> [Exercise] Repeat the records below exactly, leaving out every picture.

==== Dataset ====

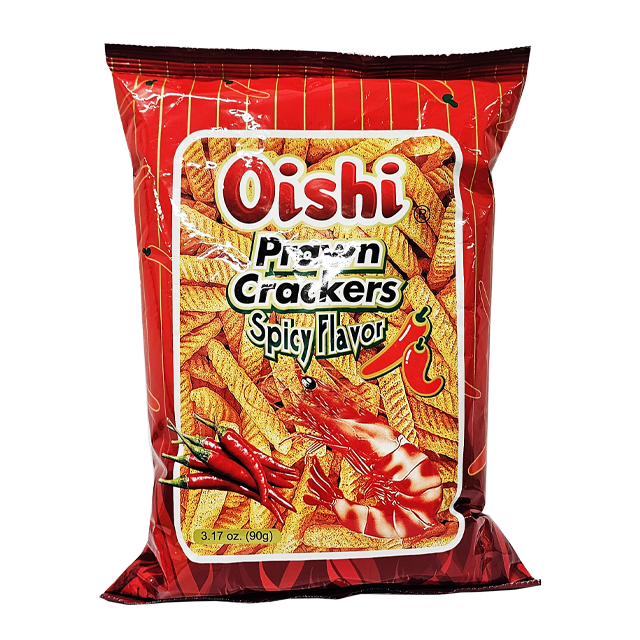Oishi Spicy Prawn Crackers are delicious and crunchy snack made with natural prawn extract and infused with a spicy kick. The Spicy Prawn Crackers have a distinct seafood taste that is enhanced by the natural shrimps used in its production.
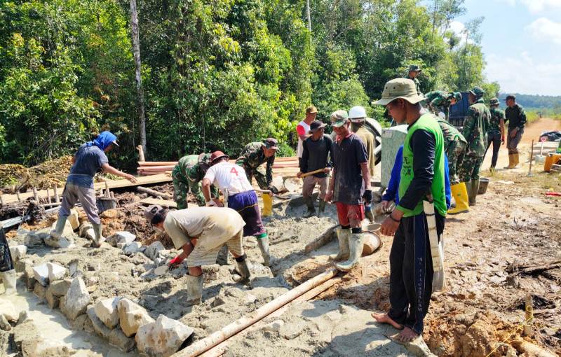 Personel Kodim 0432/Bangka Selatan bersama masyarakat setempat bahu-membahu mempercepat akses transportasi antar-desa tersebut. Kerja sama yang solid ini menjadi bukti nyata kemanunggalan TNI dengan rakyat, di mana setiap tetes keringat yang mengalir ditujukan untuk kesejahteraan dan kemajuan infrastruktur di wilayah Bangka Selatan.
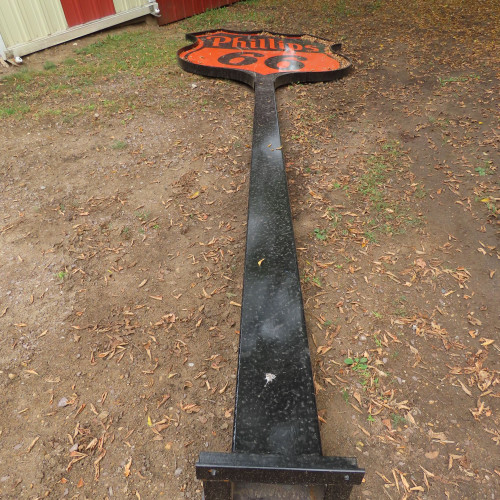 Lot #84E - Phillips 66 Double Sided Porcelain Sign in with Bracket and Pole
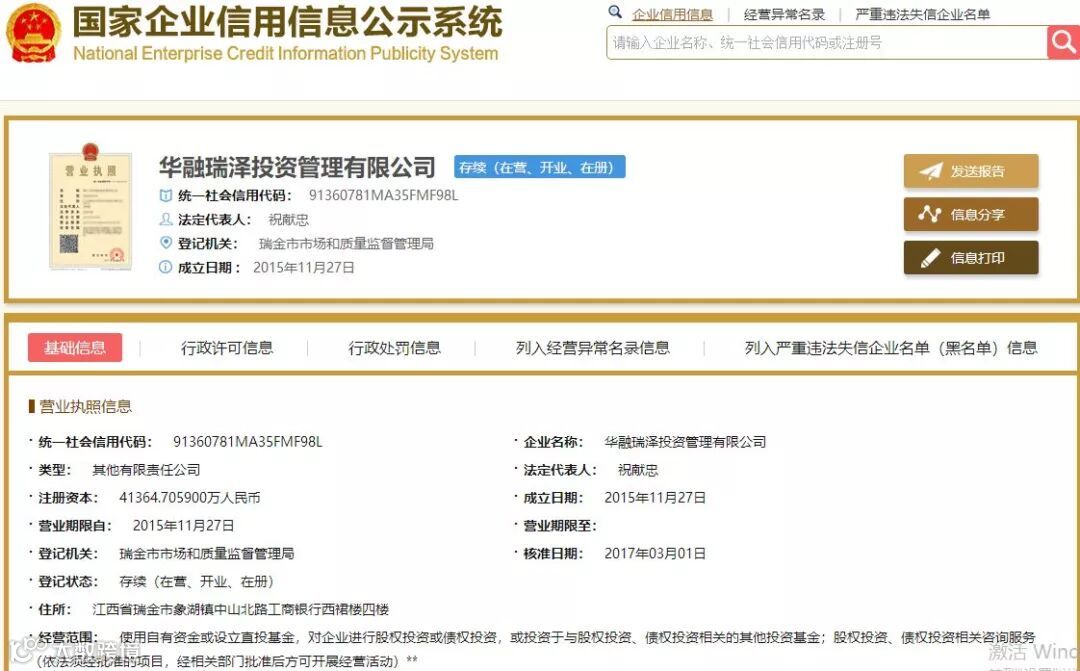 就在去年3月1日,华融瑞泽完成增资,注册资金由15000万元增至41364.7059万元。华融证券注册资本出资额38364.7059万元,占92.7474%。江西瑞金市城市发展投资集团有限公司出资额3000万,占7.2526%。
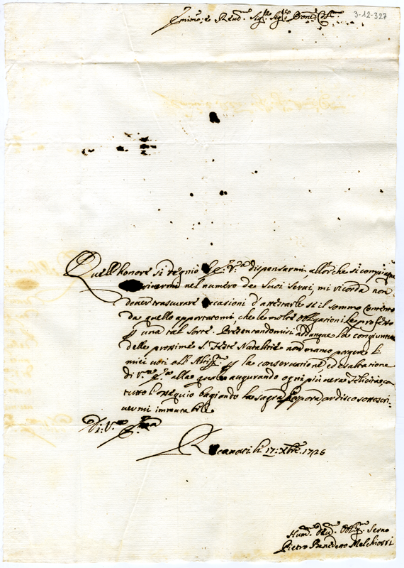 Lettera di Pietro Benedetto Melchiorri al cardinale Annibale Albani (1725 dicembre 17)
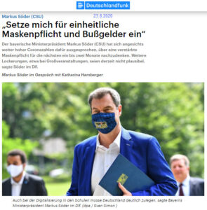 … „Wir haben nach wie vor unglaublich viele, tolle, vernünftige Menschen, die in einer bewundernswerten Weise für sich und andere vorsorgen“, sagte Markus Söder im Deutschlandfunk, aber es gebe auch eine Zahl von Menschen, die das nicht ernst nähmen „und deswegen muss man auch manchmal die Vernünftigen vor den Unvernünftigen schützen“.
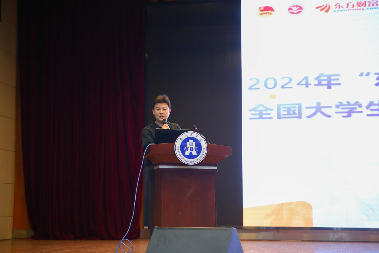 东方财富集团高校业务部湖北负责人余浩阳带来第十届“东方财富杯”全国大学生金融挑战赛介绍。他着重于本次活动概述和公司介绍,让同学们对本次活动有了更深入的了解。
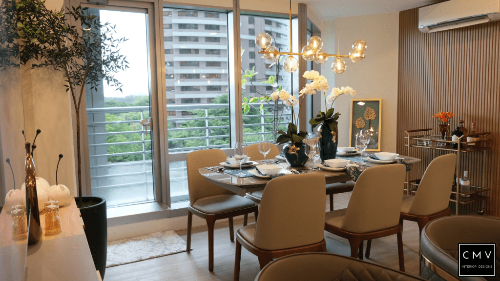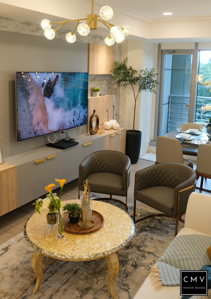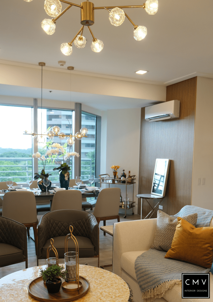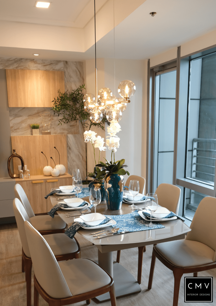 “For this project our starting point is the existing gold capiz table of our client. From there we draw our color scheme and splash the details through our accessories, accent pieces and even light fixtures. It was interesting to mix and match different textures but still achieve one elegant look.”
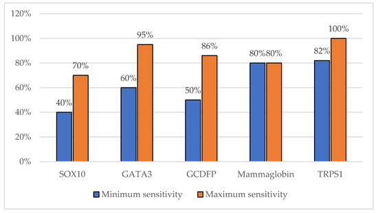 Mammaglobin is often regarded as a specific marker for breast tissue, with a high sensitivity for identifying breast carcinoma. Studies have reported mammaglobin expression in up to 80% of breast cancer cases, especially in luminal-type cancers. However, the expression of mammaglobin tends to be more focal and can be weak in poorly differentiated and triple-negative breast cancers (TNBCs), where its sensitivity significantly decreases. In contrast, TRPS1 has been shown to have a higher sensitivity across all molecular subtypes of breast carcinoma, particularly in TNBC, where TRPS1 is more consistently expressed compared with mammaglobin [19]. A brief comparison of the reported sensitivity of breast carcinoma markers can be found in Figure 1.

====

> [Response to this task]
Oishi Spicy Prawn Crackers are delicious and crunchy snack made with natural prawn extract and infused with a spicy kick. The Spicy Prawn Crackers have a distinct seafood taste that is enhanced by the natural shrimps used in its production.
 Personel Kodim 0432/Bangka Selatan bersama masyarakat setempat bahu-membahu mempercepat akses transportasi antar-desa tersebut. Kerja sama yang solid ini menjadi bukti nyata kemanunggalan TNI dengan rakyat, di mana setiap tetes keringat yang mengalir ditujukan untuk kesejahteraan dan kemajuan infrastruktur di wilayah Bangka Selatan.
 Lot #84E - Phillips 66 Double Sided Porcelain Sign in with Bracket and Pole
 就在去年3月1日,华融瑞泽完成增资,注册资金由15000万元增至41364.7059万元。华融证券注册资本出资额38364.7059万元,占92.7474%。江西瑞金市城市发展投资集团有限公司出资额3000万,占7.2526%。
 Lettera di Pietro Benedetto Melchiorri al cardinale Annibale Albani (1725 dicembre 17)
 … „Wir haben nach wie vor unglaublich viele, tolle, vernünftige Menschen, die in einer bewundernswerten Weise für sich und andere vorsorgen“, sagte Markus Söder im Deutschlandfunk, aber es gebe auch eine Zahl von Menschen, die das nicht ernst nähmen „und deswegen muss man auch manchmal die Vernünftigen vor den Unvernünftigen schützen“.
 东方财富集团高校业务部湖北负责人余浩阳带来第十届“东方财富杯”全国大学生金融挑战赛介绍。他着重于本次活动概述和公司介绍,让同学们对本次活动有了更深入的了解。
 “For this project our starting point is the existing gold capiz table of our client. From there we draw our color scheme and splash the details through our accessories, accent pieces and even light fixtures. It was interesting to mix and match different textures but still achieve one elegant look.”
 Mammaglobin is often regarded as a specific marker for breast tissue, with a high sensitivity for identifying breast carcinoma. Studies have reported mammaglobin expression in up to 80% of breast cancer cases, especially in luminal-type cancers. However, the expression of mammaglobin tends to be more focal and can be weak in poorly differentiated and triple-negative breast cancers (TNBCs), where its sensitivity significantly decreases. In contrast, TRPS1 has been shown to have a higher sensitivity across all molecular subtypes of breast carcinoma, particularly in TNBC, where TRPS1 is more consistently expressed compared with mammaglobin [19]. A brief comparison of the reported sensitivity of breast carcinoma markers can be found in Figure 1.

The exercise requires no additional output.